Task prompt
Reproduce the listing below word for word, with no pictures.
*** Collected data ***
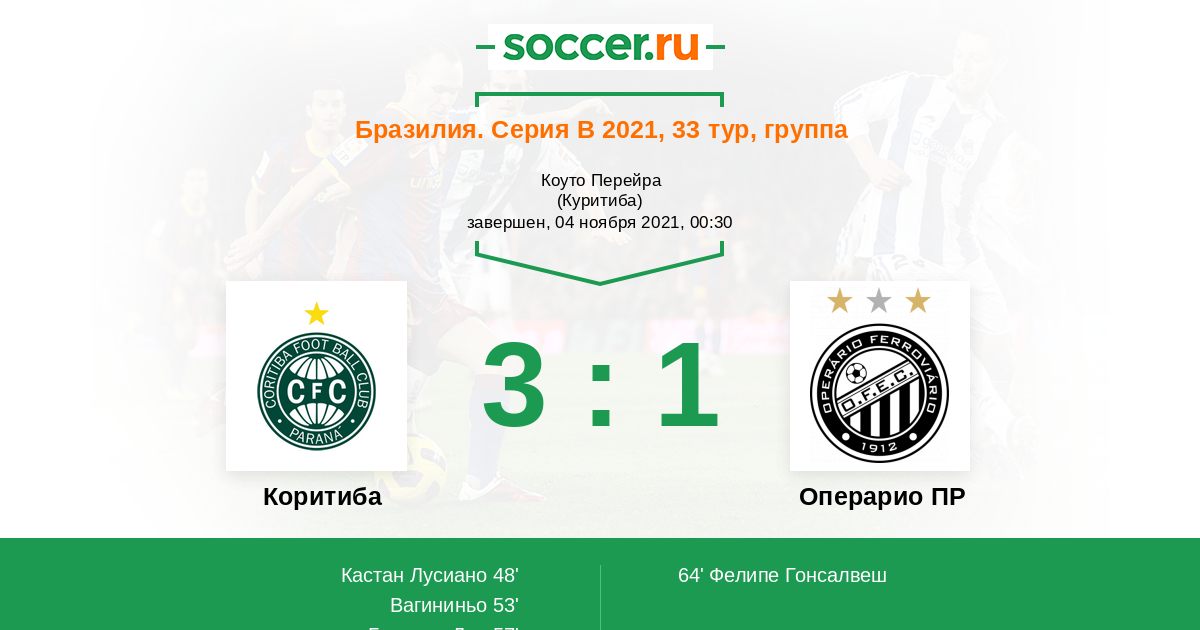 Протокол матча Коритиба против Операрио ПР
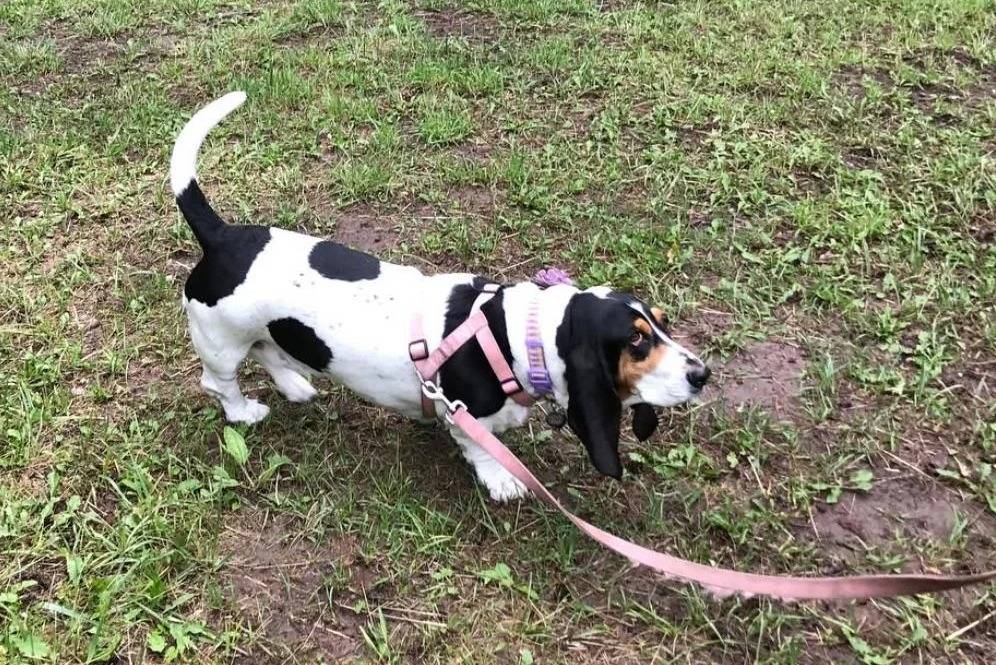 Un Basset Hound marchant sur un terrain herbeux
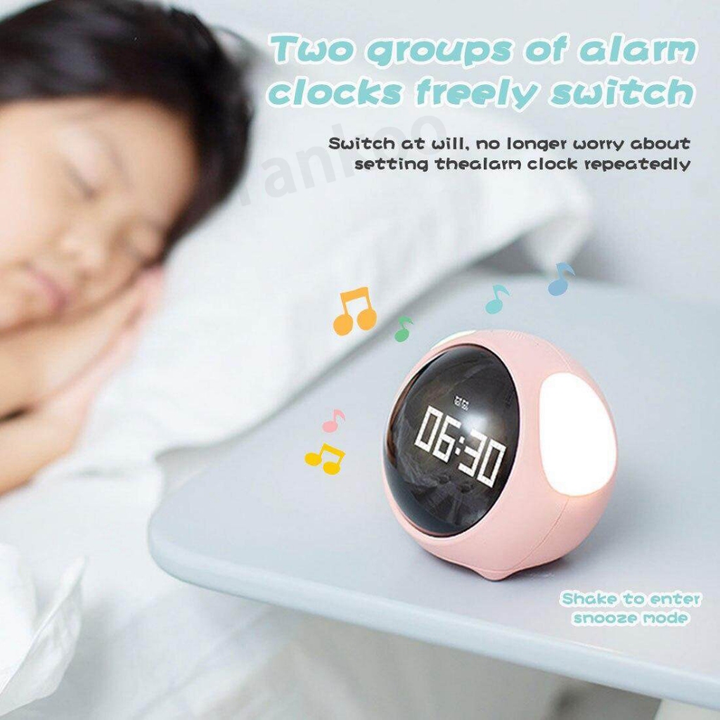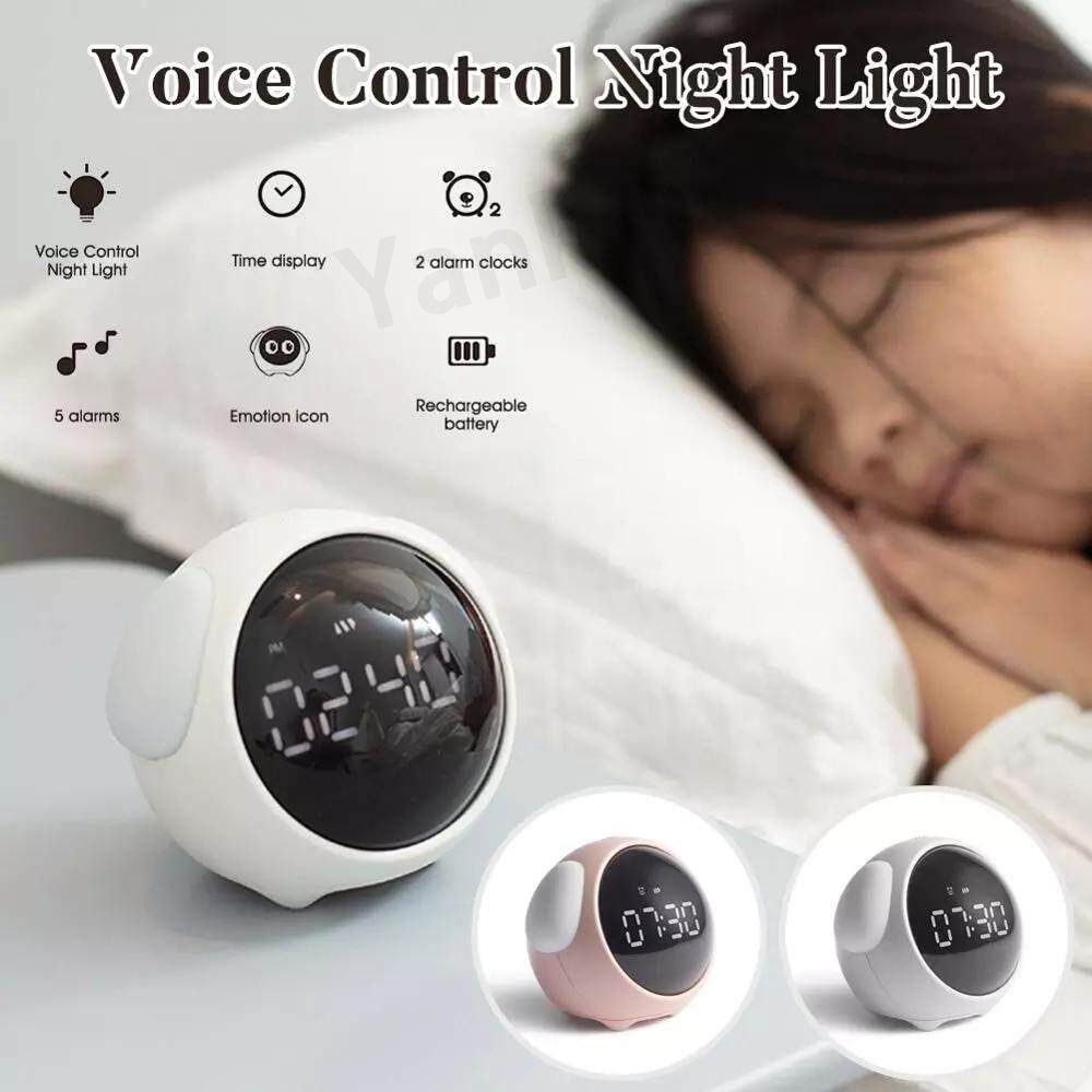 Emoticon Alarm Clock Multi Function Digital LED Voice Controlled Light Bedside Clock for Home Office Best Gift for Kids
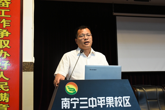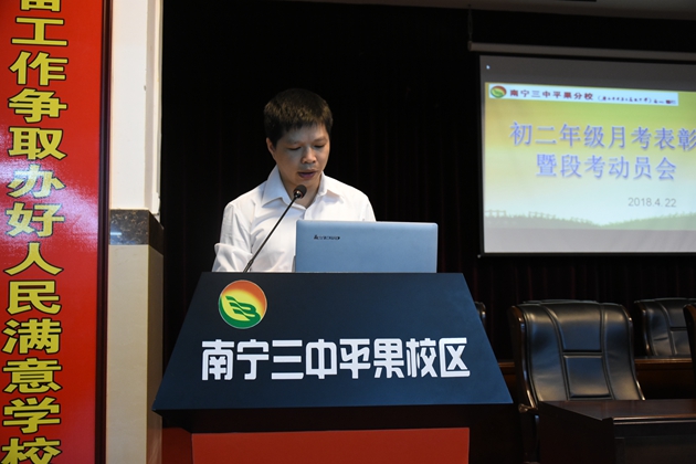 2018年4月22日晚7:00,初2016级全体师生在学校报告厅召开了本学期第一次月考表彰暨期考动员大会。校后勤主任潘忠峻老师、学校后勤副主任李华强老师、年级组长农海涛老师、黄艳娥老师等年级领导出席了会议。
*** End of Collected data ***
Task solution
 Протокол матча Коритиба против Операрио ПР
 Un Basset Hound marchant sur un terrain herbeux
 Emoticon Alarm Clock Multi Function Digital LED Voice Controlled Light Bedside Clock for Home Office Best Gift for Kids
 2018年4月22日晚7:00,初2016级全体师生在学校报告厅召开了本学期第一次月考表彰暨期考动员大会。校后勤主任潘忠峻老师、学校后勤副主任李华强老师、年级组长农海涛老师、黄艳娥老师等年级领导出席了会议。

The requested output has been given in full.